Cuando el otoño estaba ya a punto de llegar, las vacas y los terneros bajaban de la sierra de Robles
Amarillos, donde habían estado todo el verano, y durante unos días permanecían en los prados hasta que llegaba el día de san Miguel, el 29 de septiembre. Ese día, de buena mañana, eran conducidos a la explanada del río Aravalle, junto al ventorro Zamarro, y allí se celebraba la feria. Al caer la tarde, vacas y terneros eran separados para siempre: unas al pueblo o a las dehesas de Extremadura; los otros, al
sacrificio, a las mesas de los que pudieran pagar la mejor carne avileña.
Y
todos los vendedores celebraban la venta: suponía poder seguir viviendo…o
sobreviviendo. Pero muy pocos de los degustadores de
aquella carne supo nada acerca de la hierba de Robles Amarillos, del olor del
romero y el cantueso, del tomillo y de la mancha de nieve perpetua de la sierra, de aquel
verano que era toda la vida de aquellos animalitos tiernos y bellos. Y ninguno
olería jamás a la vaca Jardinera, limpia e impecablemente negra, ni sentiría el
dolor desazonado cuando bramaba su ternera a las cinco de la tarde cuando las
separaban. No, ellos nunca han sabido nada de todo eso: solo el saboreo de
filetes y jamones criados por quienes nunca podían probarlo, pues eran lujos imposibles para su bolsillo.

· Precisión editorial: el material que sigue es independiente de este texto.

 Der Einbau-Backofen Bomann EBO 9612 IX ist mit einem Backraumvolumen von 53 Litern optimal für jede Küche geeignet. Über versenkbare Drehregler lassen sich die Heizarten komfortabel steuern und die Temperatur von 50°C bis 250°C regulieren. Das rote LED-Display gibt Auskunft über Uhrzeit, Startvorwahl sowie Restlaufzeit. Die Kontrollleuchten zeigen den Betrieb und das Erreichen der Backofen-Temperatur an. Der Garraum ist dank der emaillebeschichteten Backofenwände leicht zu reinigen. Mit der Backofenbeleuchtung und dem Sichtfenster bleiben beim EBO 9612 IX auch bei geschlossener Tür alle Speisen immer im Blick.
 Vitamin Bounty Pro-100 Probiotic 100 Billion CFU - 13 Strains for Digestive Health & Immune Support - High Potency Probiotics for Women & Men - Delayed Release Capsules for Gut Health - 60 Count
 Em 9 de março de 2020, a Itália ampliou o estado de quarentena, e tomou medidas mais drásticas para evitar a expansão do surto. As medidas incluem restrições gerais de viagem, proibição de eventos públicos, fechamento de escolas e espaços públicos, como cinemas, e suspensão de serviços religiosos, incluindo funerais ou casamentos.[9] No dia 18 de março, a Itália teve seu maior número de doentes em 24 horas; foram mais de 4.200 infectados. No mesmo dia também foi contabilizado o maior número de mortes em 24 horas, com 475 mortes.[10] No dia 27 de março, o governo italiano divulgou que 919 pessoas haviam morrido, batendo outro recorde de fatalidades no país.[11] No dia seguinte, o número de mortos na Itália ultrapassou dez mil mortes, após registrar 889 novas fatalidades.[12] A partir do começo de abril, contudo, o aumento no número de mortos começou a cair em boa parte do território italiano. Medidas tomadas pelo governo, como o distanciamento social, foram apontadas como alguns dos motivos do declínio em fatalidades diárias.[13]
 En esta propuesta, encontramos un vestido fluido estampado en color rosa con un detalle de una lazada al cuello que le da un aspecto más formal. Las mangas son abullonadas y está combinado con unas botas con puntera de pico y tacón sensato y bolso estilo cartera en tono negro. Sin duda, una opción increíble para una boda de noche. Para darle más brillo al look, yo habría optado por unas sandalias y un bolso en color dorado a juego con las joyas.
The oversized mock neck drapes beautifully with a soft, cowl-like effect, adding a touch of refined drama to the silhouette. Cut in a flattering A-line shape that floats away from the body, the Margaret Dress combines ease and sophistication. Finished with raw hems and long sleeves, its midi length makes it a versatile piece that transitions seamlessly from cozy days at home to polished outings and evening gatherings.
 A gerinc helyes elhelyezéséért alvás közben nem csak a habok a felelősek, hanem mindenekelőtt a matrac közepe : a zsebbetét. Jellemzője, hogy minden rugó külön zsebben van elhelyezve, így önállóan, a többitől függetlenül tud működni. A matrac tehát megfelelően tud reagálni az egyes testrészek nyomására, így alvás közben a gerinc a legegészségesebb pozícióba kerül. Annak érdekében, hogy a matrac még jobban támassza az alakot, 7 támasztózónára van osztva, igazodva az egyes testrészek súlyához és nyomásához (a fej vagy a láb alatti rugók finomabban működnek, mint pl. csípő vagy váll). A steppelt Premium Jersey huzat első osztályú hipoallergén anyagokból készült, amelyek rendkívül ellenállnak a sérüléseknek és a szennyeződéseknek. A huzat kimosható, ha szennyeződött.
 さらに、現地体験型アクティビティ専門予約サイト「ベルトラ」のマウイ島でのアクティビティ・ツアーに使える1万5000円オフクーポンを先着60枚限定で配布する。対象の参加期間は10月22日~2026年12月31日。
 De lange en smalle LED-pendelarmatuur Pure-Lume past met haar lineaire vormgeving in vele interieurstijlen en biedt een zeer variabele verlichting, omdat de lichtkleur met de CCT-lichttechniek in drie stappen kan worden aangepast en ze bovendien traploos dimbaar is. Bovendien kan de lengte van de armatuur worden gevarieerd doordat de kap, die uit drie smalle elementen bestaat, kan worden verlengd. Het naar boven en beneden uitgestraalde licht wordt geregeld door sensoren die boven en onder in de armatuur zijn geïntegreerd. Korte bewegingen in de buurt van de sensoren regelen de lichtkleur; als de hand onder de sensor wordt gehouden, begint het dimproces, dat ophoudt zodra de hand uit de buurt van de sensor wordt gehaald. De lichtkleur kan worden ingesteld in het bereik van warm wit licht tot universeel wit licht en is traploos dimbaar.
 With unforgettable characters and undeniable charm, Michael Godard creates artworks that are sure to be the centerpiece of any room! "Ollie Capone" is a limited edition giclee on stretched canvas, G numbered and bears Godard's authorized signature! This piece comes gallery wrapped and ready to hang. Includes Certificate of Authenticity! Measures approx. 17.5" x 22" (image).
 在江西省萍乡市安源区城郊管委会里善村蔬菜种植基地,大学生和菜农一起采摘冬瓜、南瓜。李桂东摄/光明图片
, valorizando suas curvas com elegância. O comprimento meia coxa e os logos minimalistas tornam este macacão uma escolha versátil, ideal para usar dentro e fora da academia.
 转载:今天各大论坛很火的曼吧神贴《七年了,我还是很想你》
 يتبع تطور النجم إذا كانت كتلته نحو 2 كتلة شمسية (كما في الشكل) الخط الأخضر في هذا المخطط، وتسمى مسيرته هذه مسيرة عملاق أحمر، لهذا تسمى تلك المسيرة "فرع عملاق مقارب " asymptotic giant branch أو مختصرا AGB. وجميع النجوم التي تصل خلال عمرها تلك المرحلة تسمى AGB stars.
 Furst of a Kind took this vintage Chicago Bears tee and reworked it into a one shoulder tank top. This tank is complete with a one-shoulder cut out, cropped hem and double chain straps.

Quienes sí sabíamos de todo aquello éramos los
niños, que desde que bajaban de la sierra hasta que llegaba san Miguel nos
hacíamos amigos de aquellos tiernos animales. Pero en seguida nos olvidábamos
de todo; otras vacas y chotos, y los terneros no vendidos en la feria, seguían en la cuadra y había
que atenderlos.Y poco a poco nos hacíamos mayores a nuestra manera al contemplar in
situ la desigualdad entre los hombres y la injusticia como sistema. Todavía no
habíamos oído hablar de la revolución francesa, ni de la revolución soviética,
de sus enormes logros y de sus profundos errores. Y menos aún de la guerra, de esa
guerra de la que hablaban los mayores como con misterio y con miedo.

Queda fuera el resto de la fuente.